7. インフォグラフィック生成【最新機能】
資料の内容をもとに、わかりやすいビジュアルのインフォグラフィックを自動生成します。日本語テキストにも対応しており、複雑な内容を視覚的にまとめて共有する際に役立ちます。
8. Data Tables(データ表変換)【最新機能】
ファイル、Webサイト、YouTube動画、Googleドライブ上のデータを構造化されたテーブル形式に自動変換します。
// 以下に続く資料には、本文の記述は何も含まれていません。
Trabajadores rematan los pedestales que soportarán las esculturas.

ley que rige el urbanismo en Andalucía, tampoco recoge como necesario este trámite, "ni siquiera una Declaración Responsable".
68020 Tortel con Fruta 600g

非構造化データから整理された表を抽出でき、売上データや顧客分析に活用できます。
出典:Google Workspace — NotebookLM 公式製品ページ
出典:Google Blog — NotebookLM 新機能発表(2024年12月)
NotebookLMの使い方:5ステップで始める
NotebookLMは、以下の手順で誰でも簡単に始められます。専門的なITスキルは不要です。
Step 1|公式サイトにアクセスする
ブラウザで notebooklm.google.com にアクセスします。スマートフォンの場合は、App Store(iOS)またはGoogle Play(Android)からNotebookLMアプリをダウンロードしても使えます。
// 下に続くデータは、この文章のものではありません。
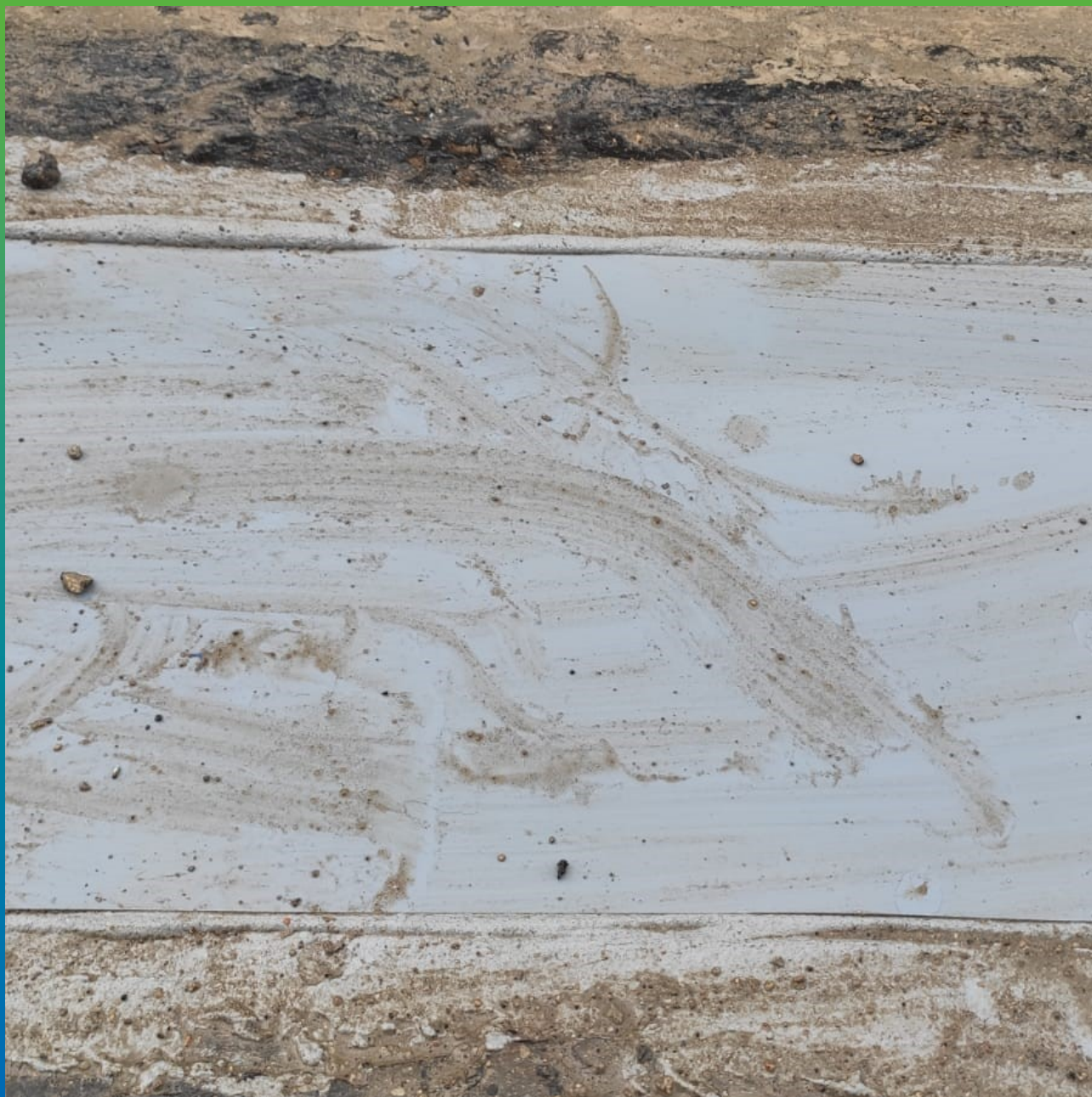
Фото шва после выполнения работ раскрытие 80мм

Step 2|Googleアカウントでサインインする
Gmailで使っているGoogleアカウントでログインします。新規アカウントの作成は不要で、既存のアカウントがあればすぐに使い始められます。
Step 3|ノートブックを新規作成する
「ノートブックを新規作成」をクリックし、タイトルを設定します。テーマごとにノートブックを分けると管理しやすくなります(例:「調理マニュアル」「接客・クレーム対応」「衛生管理・HACCP」)。
Step 4|資料をアップロードする
「ソースを追加」から資料をアップロードします。PDFのドラッグ&ドロップ、GoogleドライブからのURL指定、Webページのリンク貼り付けなど、複数の方法に対応しています。アップロード後、NotebookLMが資料を自動解析し、要約やトピックの整理を行います。
Step 5|AIに質問する
チャット欄に日本語で質問を入力します。「アレルギー対応の手順を教えて」「先月の報告書の売上上位は?」など、資料に関する質問であれば何でも聞けます。回答には必ず引用元が表示されるため、元の資料をすぐに確認できます。
NotebookLMの費用:料金プランと選び方
NotebookLMには無料版のほか、個人向け有料プランとGoogle Workspace経由の法人向けプランが用意されています。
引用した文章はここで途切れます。